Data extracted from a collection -

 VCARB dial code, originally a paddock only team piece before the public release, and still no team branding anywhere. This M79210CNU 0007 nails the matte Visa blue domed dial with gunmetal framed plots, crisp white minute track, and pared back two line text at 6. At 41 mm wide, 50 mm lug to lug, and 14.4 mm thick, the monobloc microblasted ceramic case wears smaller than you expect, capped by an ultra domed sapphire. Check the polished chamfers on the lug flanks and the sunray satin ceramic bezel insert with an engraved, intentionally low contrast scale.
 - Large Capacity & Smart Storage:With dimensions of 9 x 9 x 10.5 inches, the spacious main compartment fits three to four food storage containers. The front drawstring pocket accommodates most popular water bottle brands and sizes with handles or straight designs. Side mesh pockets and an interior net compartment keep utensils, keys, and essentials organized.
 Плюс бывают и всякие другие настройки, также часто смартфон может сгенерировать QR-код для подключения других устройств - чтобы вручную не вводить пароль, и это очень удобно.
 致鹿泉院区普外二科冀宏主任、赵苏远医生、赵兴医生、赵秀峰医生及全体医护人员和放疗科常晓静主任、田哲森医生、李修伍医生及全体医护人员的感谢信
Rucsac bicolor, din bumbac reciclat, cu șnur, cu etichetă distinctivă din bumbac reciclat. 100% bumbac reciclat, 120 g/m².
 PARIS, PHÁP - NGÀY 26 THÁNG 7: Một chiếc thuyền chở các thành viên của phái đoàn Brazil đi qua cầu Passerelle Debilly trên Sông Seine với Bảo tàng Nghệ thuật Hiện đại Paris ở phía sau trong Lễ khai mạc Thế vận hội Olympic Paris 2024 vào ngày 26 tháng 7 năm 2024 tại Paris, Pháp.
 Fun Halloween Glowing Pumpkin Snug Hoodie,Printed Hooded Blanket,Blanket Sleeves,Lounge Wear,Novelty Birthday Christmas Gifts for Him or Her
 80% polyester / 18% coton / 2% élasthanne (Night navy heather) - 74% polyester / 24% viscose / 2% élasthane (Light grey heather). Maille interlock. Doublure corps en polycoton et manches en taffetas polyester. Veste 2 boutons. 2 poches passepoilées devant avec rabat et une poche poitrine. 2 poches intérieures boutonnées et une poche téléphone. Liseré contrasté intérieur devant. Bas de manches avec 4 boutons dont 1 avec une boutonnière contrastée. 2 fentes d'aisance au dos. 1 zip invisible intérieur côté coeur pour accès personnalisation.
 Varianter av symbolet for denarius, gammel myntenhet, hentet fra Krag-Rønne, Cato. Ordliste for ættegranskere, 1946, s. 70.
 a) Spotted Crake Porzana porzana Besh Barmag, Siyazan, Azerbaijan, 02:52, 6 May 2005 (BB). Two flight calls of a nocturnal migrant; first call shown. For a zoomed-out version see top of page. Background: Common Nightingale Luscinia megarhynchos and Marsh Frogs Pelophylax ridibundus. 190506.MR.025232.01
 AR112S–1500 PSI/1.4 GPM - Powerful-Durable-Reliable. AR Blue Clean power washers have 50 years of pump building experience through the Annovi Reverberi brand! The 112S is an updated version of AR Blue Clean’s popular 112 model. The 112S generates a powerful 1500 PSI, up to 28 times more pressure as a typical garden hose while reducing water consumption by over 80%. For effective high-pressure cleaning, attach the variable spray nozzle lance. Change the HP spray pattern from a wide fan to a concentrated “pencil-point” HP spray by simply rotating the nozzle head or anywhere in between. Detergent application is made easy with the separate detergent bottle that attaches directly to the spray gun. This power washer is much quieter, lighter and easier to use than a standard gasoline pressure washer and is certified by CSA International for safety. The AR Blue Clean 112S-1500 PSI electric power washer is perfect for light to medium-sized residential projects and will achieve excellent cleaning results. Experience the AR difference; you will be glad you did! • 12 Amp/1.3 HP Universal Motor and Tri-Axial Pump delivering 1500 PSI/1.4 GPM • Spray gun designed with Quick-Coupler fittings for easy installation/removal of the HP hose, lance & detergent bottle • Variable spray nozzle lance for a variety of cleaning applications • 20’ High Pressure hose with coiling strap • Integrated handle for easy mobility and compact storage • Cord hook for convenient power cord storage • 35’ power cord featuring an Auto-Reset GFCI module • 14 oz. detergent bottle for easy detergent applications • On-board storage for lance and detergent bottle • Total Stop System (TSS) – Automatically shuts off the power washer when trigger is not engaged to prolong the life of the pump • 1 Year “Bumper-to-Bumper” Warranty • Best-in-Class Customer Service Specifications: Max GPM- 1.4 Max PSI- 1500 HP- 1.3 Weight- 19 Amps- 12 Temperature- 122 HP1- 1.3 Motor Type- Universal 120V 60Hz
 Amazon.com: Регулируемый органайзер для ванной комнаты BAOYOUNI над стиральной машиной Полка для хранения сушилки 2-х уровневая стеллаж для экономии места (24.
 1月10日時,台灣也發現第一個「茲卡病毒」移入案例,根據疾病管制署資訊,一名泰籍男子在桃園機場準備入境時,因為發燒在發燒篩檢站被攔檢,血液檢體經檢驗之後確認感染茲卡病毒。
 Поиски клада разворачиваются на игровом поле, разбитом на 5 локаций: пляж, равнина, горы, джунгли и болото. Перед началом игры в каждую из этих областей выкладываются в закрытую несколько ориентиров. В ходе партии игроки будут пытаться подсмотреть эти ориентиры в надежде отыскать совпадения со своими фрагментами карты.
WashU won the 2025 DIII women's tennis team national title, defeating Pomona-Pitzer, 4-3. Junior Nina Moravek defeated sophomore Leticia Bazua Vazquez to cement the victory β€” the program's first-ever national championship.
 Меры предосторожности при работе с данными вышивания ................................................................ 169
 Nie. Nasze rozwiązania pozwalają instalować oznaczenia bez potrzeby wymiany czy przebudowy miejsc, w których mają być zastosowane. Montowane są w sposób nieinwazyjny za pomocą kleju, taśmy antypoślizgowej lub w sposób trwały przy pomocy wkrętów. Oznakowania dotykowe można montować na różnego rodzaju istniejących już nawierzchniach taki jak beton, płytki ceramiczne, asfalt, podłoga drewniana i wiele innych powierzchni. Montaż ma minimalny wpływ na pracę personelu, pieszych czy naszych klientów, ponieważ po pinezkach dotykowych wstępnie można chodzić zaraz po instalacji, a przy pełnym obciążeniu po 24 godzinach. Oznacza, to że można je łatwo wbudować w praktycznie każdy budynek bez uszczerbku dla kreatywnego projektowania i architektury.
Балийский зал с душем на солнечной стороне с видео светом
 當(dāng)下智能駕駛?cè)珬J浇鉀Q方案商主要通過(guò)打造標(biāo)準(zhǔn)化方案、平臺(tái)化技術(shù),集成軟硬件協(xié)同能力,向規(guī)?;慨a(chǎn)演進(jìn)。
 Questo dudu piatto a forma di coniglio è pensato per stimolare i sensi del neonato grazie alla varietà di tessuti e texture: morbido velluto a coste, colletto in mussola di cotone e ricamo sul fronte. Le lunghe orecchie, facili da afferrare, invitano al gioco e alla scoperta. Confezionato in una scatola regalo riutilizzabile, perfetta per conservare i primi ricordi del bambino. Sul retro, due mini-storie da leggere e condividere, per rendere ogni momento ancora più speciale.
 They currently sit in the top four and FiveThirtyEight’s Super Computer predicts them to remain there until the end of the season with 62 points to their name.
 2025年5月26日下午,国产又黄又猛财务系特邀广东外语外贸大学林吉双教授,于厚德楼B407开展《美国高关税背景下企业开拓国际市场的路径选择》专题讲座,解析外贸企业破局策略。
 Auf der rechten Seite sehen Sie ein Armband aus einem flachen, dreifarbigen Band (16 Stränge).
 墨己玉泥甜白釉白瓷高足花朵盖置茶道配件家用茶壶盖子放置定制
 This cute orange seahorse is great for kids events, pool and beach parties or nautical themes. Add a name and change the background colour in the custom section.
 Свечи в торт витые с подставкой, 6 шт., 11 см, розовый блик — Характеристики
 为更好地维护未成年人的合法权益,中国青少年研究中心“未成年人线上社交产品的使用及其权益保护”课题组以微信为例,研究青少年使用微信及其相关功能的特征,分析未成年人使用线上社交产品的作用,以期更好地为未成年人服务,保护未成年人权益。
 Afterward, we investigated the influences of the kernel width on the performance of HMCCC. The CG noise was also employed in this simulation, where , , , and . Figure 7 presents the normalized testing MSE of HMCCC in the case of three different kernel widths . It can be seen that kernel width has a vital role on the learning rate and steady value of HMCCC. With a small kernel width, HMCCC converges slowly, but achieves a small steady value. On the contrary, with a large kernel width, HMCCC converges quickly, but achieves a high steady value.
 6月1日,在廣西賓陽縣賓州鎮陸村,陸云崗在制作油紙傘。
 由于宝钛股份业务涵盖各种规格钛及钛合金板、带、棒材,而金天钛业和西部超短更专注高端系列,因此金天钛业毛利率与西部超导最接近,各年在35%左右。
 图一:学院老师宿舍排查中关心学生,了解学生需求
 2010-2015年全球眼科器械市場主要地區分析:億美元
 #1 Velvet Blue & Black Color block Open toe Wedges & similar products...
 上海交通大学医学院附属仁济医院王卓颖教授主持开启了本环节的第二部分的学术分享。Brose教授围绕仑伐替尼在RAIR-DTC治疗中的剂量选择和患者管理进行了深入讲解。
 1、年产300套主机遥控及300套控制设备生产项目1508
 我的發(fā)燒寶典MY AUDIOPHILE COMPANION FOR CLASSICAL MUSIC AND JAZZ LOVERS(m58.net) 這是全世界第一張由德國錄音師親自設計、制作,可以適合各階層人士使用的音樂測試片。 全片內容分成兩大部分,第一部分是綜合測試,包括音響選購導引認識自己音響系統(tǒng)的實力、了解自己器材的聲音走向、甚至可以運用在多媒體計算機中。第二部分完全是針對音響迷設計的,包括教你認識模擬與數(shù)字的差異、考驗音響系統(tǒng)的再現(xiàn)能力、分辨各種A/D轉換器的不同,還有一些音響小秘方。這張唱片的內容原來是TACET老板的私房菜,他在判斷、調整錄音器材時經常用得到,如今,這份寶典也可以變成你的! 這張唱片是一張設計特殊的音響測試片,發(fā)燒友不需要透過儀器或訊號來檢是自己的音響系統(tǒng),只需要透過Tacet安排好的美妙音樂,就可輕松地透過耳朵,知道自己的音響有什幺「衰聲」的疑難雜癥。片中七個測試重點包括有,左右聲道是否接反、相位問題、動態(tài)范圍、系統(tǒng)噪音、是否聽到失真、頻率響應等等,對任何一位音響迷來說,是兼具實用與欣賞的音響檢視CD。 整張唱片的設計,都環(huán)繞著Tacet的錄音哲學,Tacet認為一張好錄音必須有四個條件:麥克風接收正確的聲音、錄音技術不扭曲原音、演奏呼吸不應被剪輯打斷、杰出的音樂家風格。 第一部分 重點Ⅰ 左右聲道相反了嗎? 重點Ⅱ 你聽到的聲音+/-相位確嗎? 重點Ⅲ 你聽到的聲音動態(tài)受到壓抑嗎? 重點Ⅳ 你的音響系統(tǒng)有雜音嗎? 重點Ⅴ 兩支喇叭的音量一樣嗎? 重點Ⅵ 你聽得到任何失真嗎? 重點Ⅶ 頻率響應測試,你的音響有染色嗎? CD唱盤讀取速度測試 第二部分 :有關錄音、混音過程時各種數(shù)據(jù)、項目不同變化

TRY IT - Extract from the records above the lines from the one containing "Балийский зал с" to the one containing "Свечи в торт", both lines included, exactly as they appear and with nothing else.

EXERCISE SOLUTION -
Балийский зал с душем на солнечной стороне с видео светом
 當(dāng)下智能駕駛?cè)珬J浇鉀Q方案商主要通過(guò)打造標(biāo)準(zhǔn)化方案、平臺(tái)化技術(shù),集成軟硬件協(xié)同能力,向規(guī)?;慨a(chǎn)演進(jìn)。
 Questo dudu piatto a forma di coniglio è pensato per stimolare i sensi del neonato grazie alla varietà di tessuti e texture: morbido velluto a coste, colletto in mussola di cotone e ricamo sul fronte. Le lunghe orecchie, facili da afferrare, invitano al gioco e alla scoperta. Confezionato in una scatola regalo riutilizzabile, perfetta per conservare i primi ricordi del bambino. Sul retro, due mini-storie da leggere e condividere, per rendere ogni momento ancora più speciale.
 They currently sit in the top four and FiveThirtyEight’s Super Computer predicts them to remain there until the end of the season with 62 points to their name.
 2025年5月26日下午,国产又黄又猛财务系特邀广东外语外贸大学林吉双教授,于厚德楼B407开展《美国高关税背景下企业开拓国际市场的路径选择》专题讲座,解析外贸企业破局策略。
 Auf der rechten Seite sehen Sie ein Armband aus einem flachen, dreifarbigen Band (16 Stränge).
 墨己玉泥甜白釉白瓷高足花朵盖置茶道配件家用茶壶盖子放置定制
 This cute orange seahorse is great for kids events, pool and beach parties or nautical themes. Add a name and change the background colour in the custom section.
 Свечи в торт витые с подставкой, 6 шт., 11 см, розовый блик — Характеристики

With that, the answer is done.